Describing the “unheard of properties” of these materials, the award committee said some had a remarkably large surface area – a porous material roughly the size of a sugar cube could contain as much surface area as a football pitch.
“A small amount of such material can be almost like Hermione’s handbag in Harry Potter. It can store huge amounts of gas in a tiny volume,” Olof Ramstrom, member of the Nobel Committee for Chemistry, said.
The more than a century-old prize is awarded by the Royal Swedish Academy of Sciences and the winners share 11 million Swedish crowns ($1.2m), as well as the fame of winning arguably the world’s most prestigious science award.

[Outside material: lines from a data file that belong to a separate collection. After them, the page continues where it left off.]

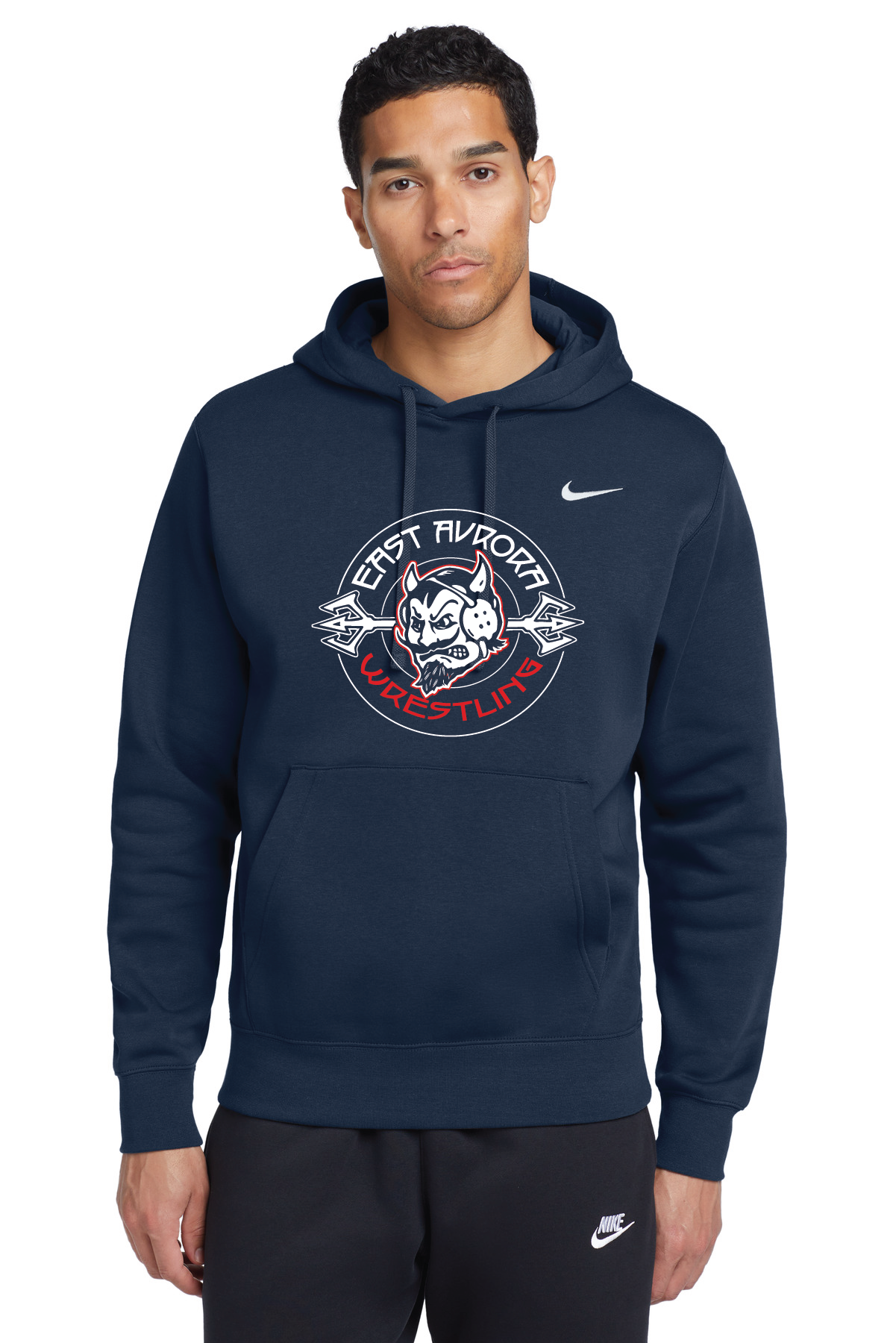 A closet staple, this hoodie combines classic Nike style with the soft comfort of brushed-back fleece. A jersey-lined, 3-panel hood with dyed-to-match drawstrings offers adjustable coverage. Rib knit cuffs and hem. Front pouch pocket. A contrast Swoosh design trademark is embroidered on left chest. Made of 8.2-ounce, 80/20 cotton/polyester with a 100% cotton hood lining.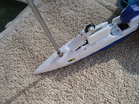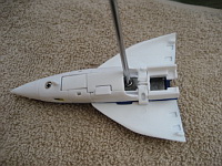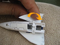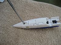 - On remet d'abord la trappe inférieure du train, la trappe avant, et le train d'atterrissage (photo 1). Ensuite mettez le cone en position en ajustant au mieux les couleurs (photo 2), assemblez le tout (photo 3).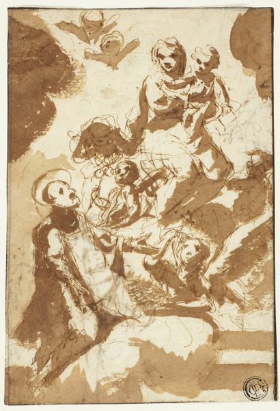 Curator: Looking at this work, my initial impression is one of chaos, of a grand struggle depicted in warm, sepia tones. Editor: This is Jacopo Zucchi’s "Jupiter Fighting the Giants," likely created between 1540 and 1596. It's a drawing, likely intended as a print, showcasing Zucchi's mastery of Mannerist style. Let's unpack that "chaos" through a historical lens. The late Renaissance was a period of enormous social and religious upheaval; do you think Zucchi taps into any of that? Curator: Absolutely. I see this through the lens of power dynamics. Jupiter's dominance, quite literally over the giants, speaks to established hierarchies—social, political, even cosmic ones. These mythological narratives provided a space for considering very real tensions present in Renaissance society, particularly regarding gendered power dynamics with male-dominated structures of society as mirrored through narratives such as this where male Gods, literally, are victorious and crushing anything, that is seen as chaotic. The "giants" might symbolize any group challenging the status quo. Editor: That's a fascinating take. What strikes me are the visual strategies involved. The dynamism, the swirling figures, they aim to express powerful and dominant entities who controlled society through all visual representation, and Jupiter had divine status and an almost propagandist visual goal within Zucchi's drawing that reflected society. Zucchi employs classical allegories, specifically focusing on the theme of history painting with figurative focus. It really underlines how this visual narrative fits within its historical setting. Curator: Yes, and if we think about the giants as perhaps representing marginalized populations— those denied a voice—the image becomes even more fraught with meaning in the context of social justice and a struggle of suppression, not only dominance in power. The warm sepia tones and printmaking medium itself evokes a sense of distance, as we try to look deeper in historical injustices. Editor: These are complex historical powerplays expressed on paper. It underscores the intersection of art and societal forces in that time period. The Met, holding a physical copy of Zucchi’s art provides an avenue to engage in the discussion. Curator: And it reminds us that even mythological scenes are deeply entwined with the real-world power structures and lived experiences of their time. Editor: A reminder indeed to examine the institutions and societal struggles reflected in visual expression through time.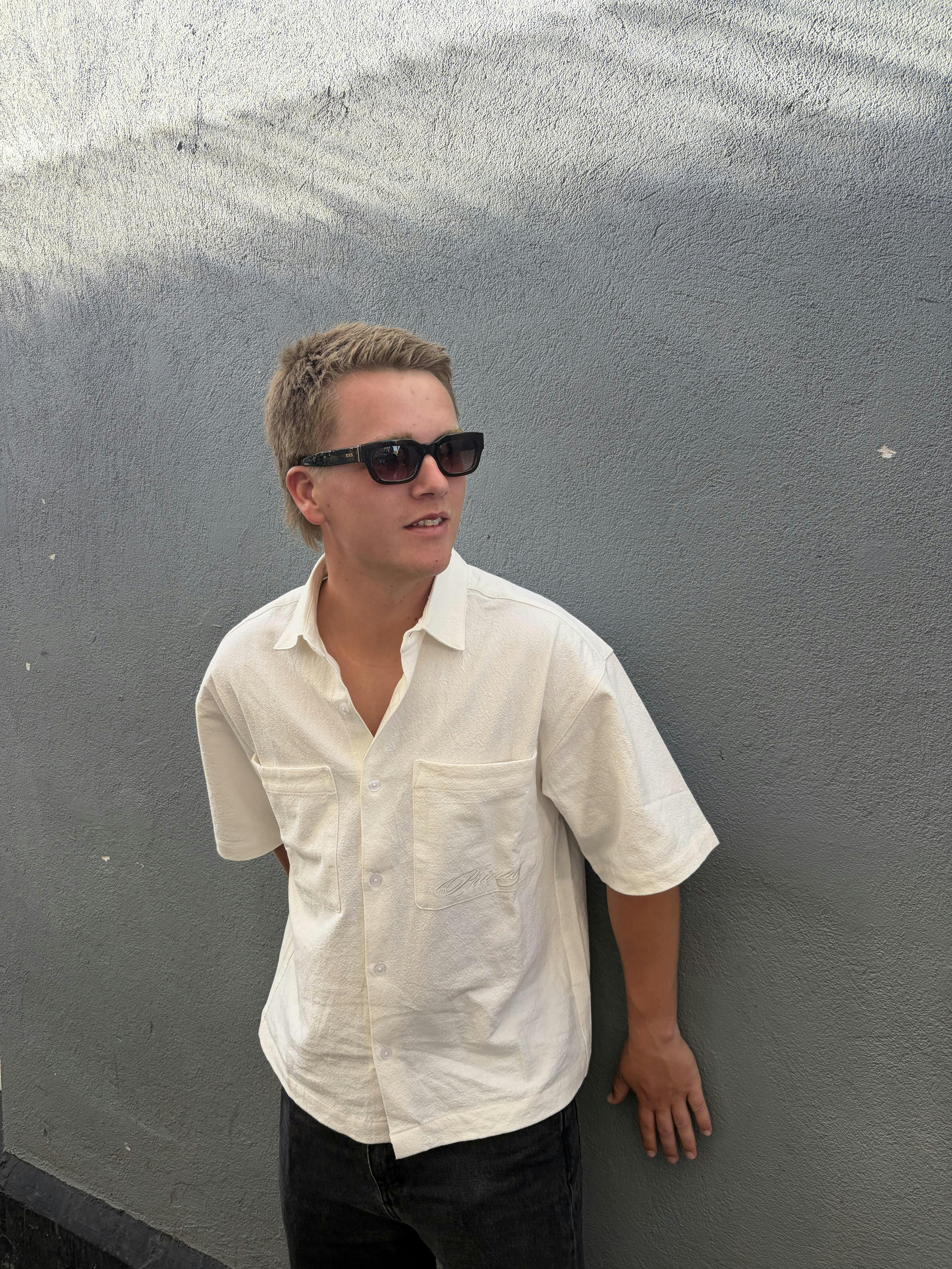Designed with a boxy, relaxed silhouette, it features double chest pockets and subtle logo embroidery for a clean, branded finish. Whether layered or worn on its own, it’s the kind of staple that adds depth to any fit.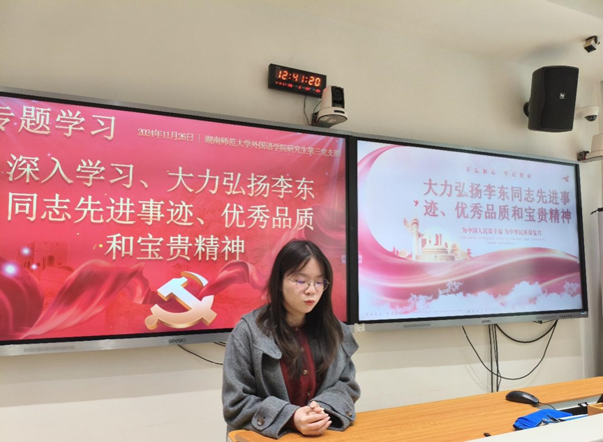 三支部着重弘扬先进精神,组织委员廖佐筠详细讲述了李东同志在抗洪抢险中的英勇行为,强调其心系群众的责任感,鼓励支部党员将李东同志的奉献精神转化为推动学校发展的实际行动,积极投身服务人民的伟大事业。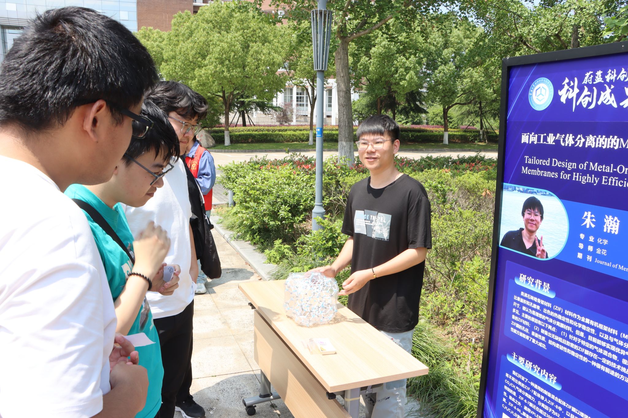活动以成果展示+现场讲解的形式,精心展出了同学们在高分子材料、能源化工等各个领域的突出研究成果,相关研究成果发表于Nature Communication等高水平期刊中。参展的材化学子们结合实物,向同学们深入浅出地介绍了自身科研领域的进展和成果。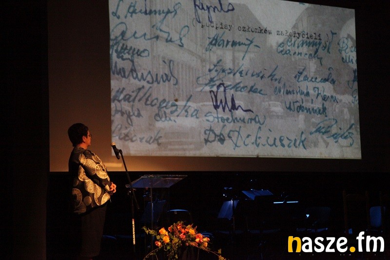 Sala Teatru była wypełniona po brzegi. Poszczególni goście na ręce Pani Prezes składali kwiaty, podziękowania i życzenia.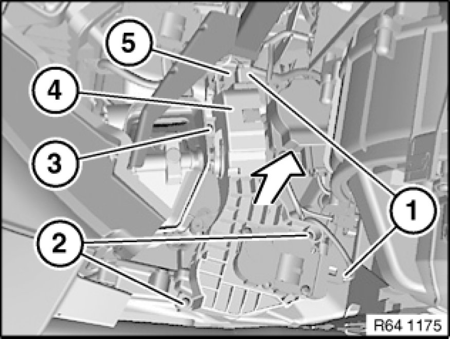 Detach bracket (4) complete with servodrives from heater/air conditioner (5).

Kitagawa told the Nobel Press conference that he was deeply honoured by the award.
Kitagawa is a professor at Kyoto University in Japan, while Robson is a professor at the University of Melbourne, Australia, and Yaghi is a professor at the University of California, Berkeley, in the US.
Kitagawa is Japanese, Robson was born in Britain but moved to Australia in his late 20s, while Yaghi is Jordanian-American.
Yaghi was born to Palestinian refugees in Jordan, where his family shared a one-room home with the cattle the family was raising.
Yaghi, who said he was astonished and delighted to win the award, was 10 years old when he found a book on molecules in the library, and it was the beginning of a life-long love of chemistry.